-- Opening Marker --
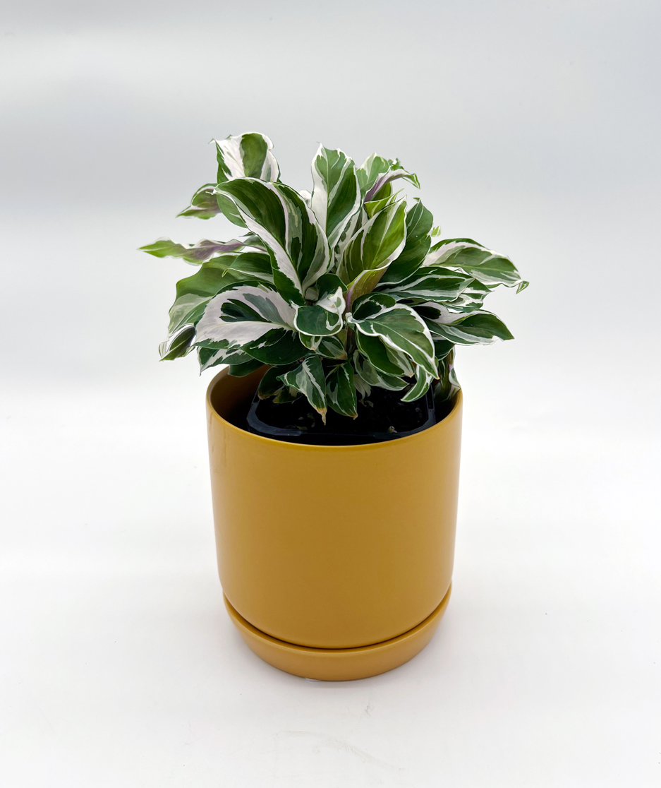 The Calathea White Fusion is a truly captivating and elegant indoor plant, admired for its stunning variegated leaves that feature a striking blend of white, green, and pale purple hues. This rare and exotic plant is a favorite among plant enthusiasts for its unique foliage and relatively easy care requirements. The Calathea White Fusion adds a touch of tropical sophistication to any space, making it an ideal choice for those who appreciate ornamental plants.
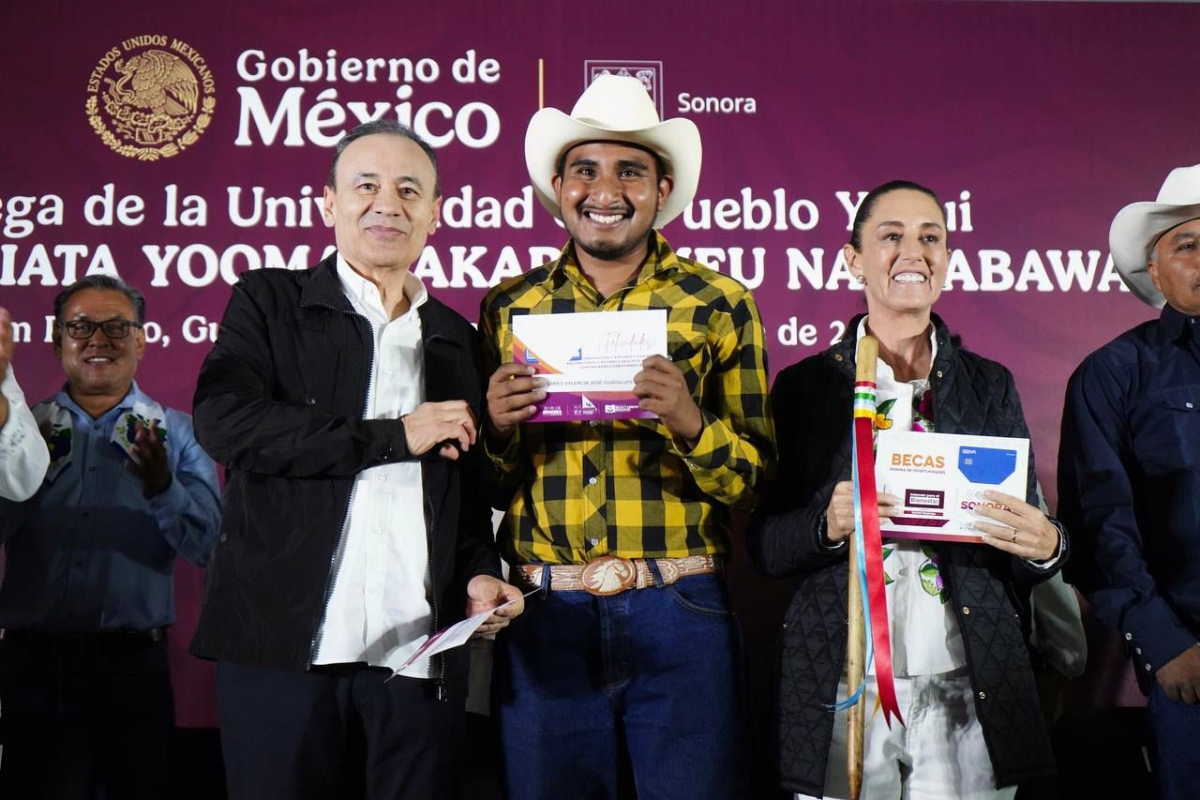 “Vamos a apoyar con todo a esta universidad del pueblo yaqui a seguir ampliándola y dándole todos los recursos que necesite. Así como la universidad del Pueblo Yaqui, en todo Sonora y en todo el pais, Mario que es el secretario de Educación tiene la instrucción de seguir encontrando espacios para que los jóvenes tengan la posibilidad de estudiar la preparatoria y la universidad, que puedan desarrollarse como quieran desarrollarse y hacer realidad el derecho a la educación”, sentenció.
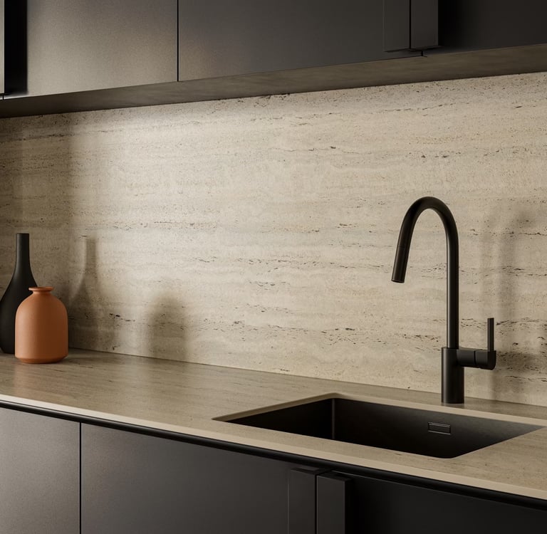 🏡 Universalumas – puikiai tinka virtuvės stalviršiams, vonios kambario apdailai, laiptams, sienoms, grindims, fasadams ir net lauko baldams.
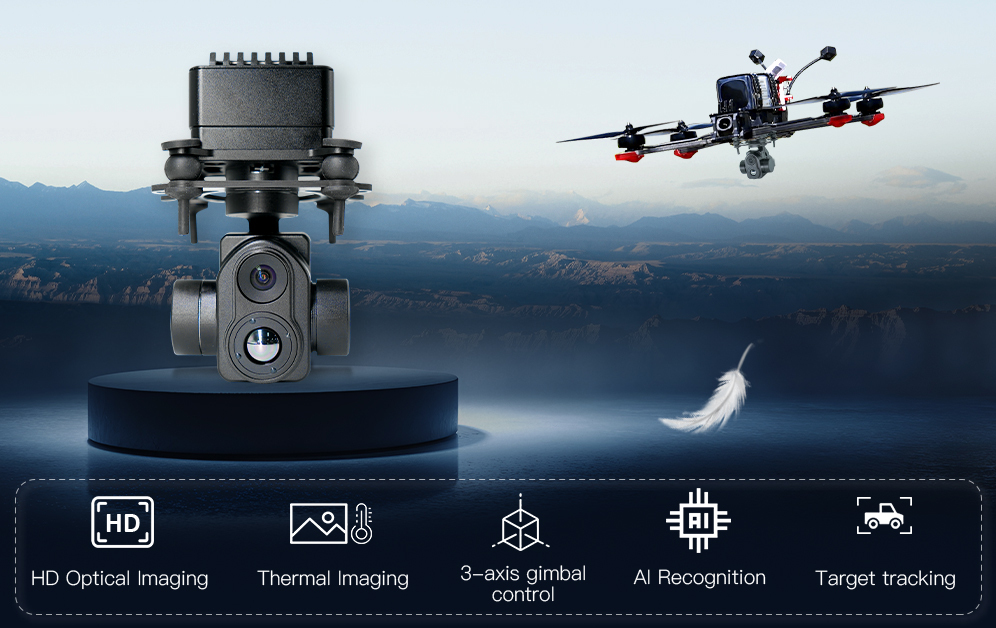 Weighing only 133g, the Recon Eye-K3T is designed to empower lightweight, flexible and intelligent drone applications. Equipped with a wide-angle lens, 3-axis gimbal, AI tracking and dual sensors — an EO sensor for ultra-clear vision, and an IR sensor for smart thermal imaging — this gimbal excels at providing clear, detailed and real-time image transmission, delivering robust and reliable support for day-and-night security monitoring and disaster responses.
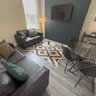 The cozy lounge comes with a brand-new flat-screen TV and coffee table, perfect for chilling with friends.
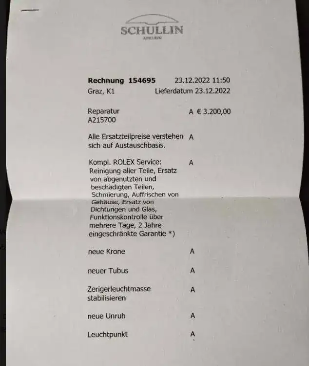 Muy interesante esta factura de un Submariner 1680, creo la revision esta hecho en la casa Rolex en Suiza. Este Conze no hace una revision tan profunda, lo mandan a la casa Rolex.
-- Closing Marker --
### Exercise prompt
Set down the records exactly, without the pictures.

### Result of this exercise
 The Calathea White Fusion is a truly captivating and elegant indoor plant, admired for its stunning variegated leaves that feature a striking blend of white, green, and pale purple hues. This rare and exotic plant is a favorite among plant enthusiasts for its unique foliage and relatively easy care requirements. The Calathea White Fusion adds a touch of tropical sophistication to any space, making it an ideal choice for those who appreciate ornamental plants.
 “Vamos a apoyar con todo a esta universidad del pueblo yaqui a seguir ampliándola y dándole todos los recursos que necesite. Así como la universidad del Pueblo Yaqui, en todo Sonora y en todo el pais, Mario que es el secretario de Educación tiene la instrucción de seguir encontrando espacios para que los jóvenes tengan la posibilidad de estudiar la preparatoria y la universidad, que puedan desarrollarse como quieran desarrollarse y hacer realidad el derecho a la educación”, sentenció.
 🏡 Universalumas – puikiai tinka virtuvės stalviršiams, vonios kambario apdailai, laiptams, sienoms, grindims, fasadams ir net lauko baldams.
 Weighing only 133g, the Recon Eye-K3T is designed to empower lightweight, flexible and intelligent drone applications. Equipped with a wide-angle lens, 3-axis gimbal, AI tracking and dual sensors — an EO sensor for ultra-clear vision, and an IR sensor for smart thermal imaging — this gimbal excels at providing clear, detailed and real-time image transmission, delivering robust and reliable support for day-and-night security monitoring and disaster responses.
 The cozy lounge comes with a brand-new flat-screen TV and coffee table, perfect for chilling with friends.
 Muy interesante esta factura de un Submariner 1680, creo la revision esta hecho en la casa Rolex en Suiza. Este Conze no hace una revision tan profunda, lo mandan a la casa Rolex.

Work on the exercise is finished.